🤖 AI Summary
This study addresses the conflict between emergency task insertion and routine scheduling in large-scale low Earth orbit constellations by proposing a task-driven, three-layer distributed scheduling framework. By unifying demand representation via geographic grids and constructing temporary satellite clusters, the method employs intra-cluster dual-plan bidding, joint marginal evaluation, and inter-cluster coordination mechanisms. This approach enables efficient emergency task insertion under intermittent communication while minimizing disruption to routine operations.
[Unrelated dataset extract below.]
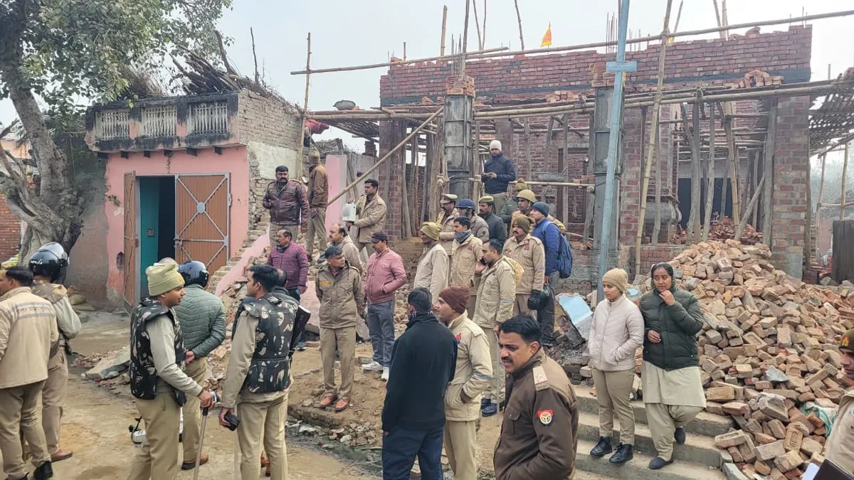 अधिकारियों ने अनुमति लेकर निर्माण कार्य शुरू करने की बात कही। जिस पर फिलहाल ग्रामीण शांत हो गए व निर्माण कार्य को रोक दिया गया है। प्रभारी निरीक्षक बालेंद्र कुमार ने बताया कि धार्मिक स्थल पर निर्माण कार्य होने की सूचना मिली थी, जिस पर पुलिस मौके पर पहुंची और निर्माण कार्य को रुकवा दिया गया है। इस दौरान कई थानों का फोर्स मौके पर तैनात रहा।
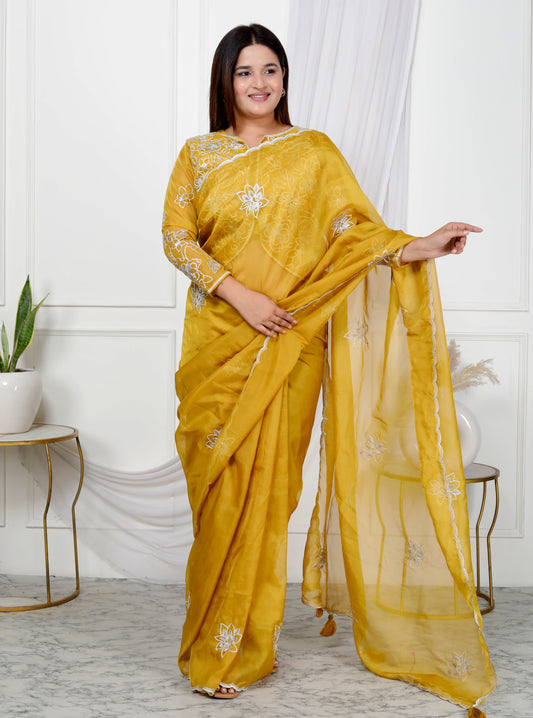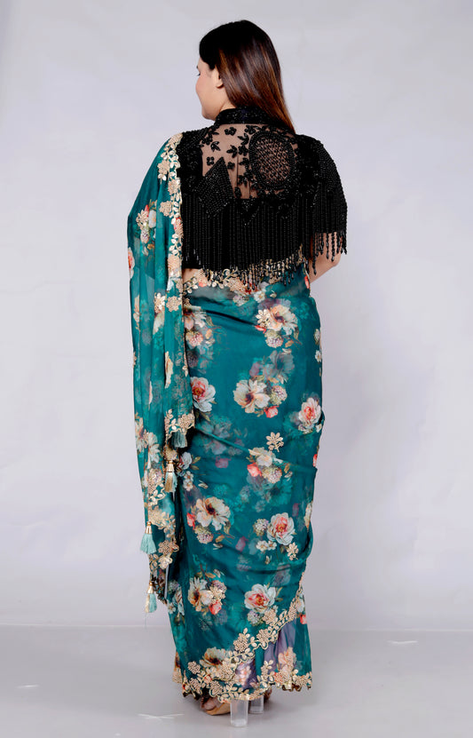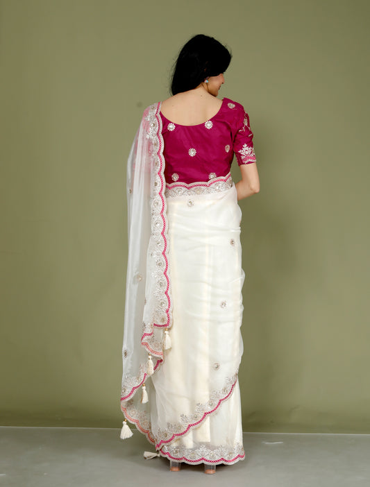 PURE ORGANZA EMBROIDERY JACKET STYLE SAREE

Experimental results demonstrate that the proposed method outperforms existing distributed algorithms in emergency coverage and reduces routine coverage loss by up to 87.7%. Achieving performance comparable to centralized approaches, this work effectively balances emergency response timeliness with overall system stability.
📝 Abstract
Large low-Earth-orbit (LEO) Earth-observation (EO) constellations offer frequent access to geographically dispersed ground targets, but emergency requests may arrive after committed routine-plan execution has begun. The resulting dynamic emergency observation scheduling problem (DEOSP) requires urgent tasks to be inserted under intermittent ground contact without excessive routine-plan disruption. To address DEOSP, we propose a task-driven three-layer distributed scheduling (T3L-DS) method, which represents task demand and sensor footprints on a common geographic grid and forms temporary clusters from observation capabilities and current inter-satellite links. For intra-cluster coordination, T3L-DS introduces onboard dual-plan bidding and joint marginal evaluation. It also designs an inter-cluster coordination mechanism for unresolved demand. Extensive computational experiments compare T3L-DS with centralised simulated annealing (SA), an adapted selective time-variant better reply process (A-SeTVBRP), and a conventional contract-net protocol (CNP). T3L-DS achieves the highest emergency coverage among the distributed methods, with average relative improvements of approximately 2.8% and 17.1% over A-SeTVBRP and CNP, respectively. Its average relative gap from SA is approximately 7.1%. Under conflict-enhanced loads, it reduces routine-coverage loss by approximately 57.9% and 87.7% relative to A-SeTVBRP and CNP, respectively. The ablation study confirms the contribution of the proposed coordination enhancements. Overall, the results show that T3L-DS provides an effective distributed approach to DEOSP.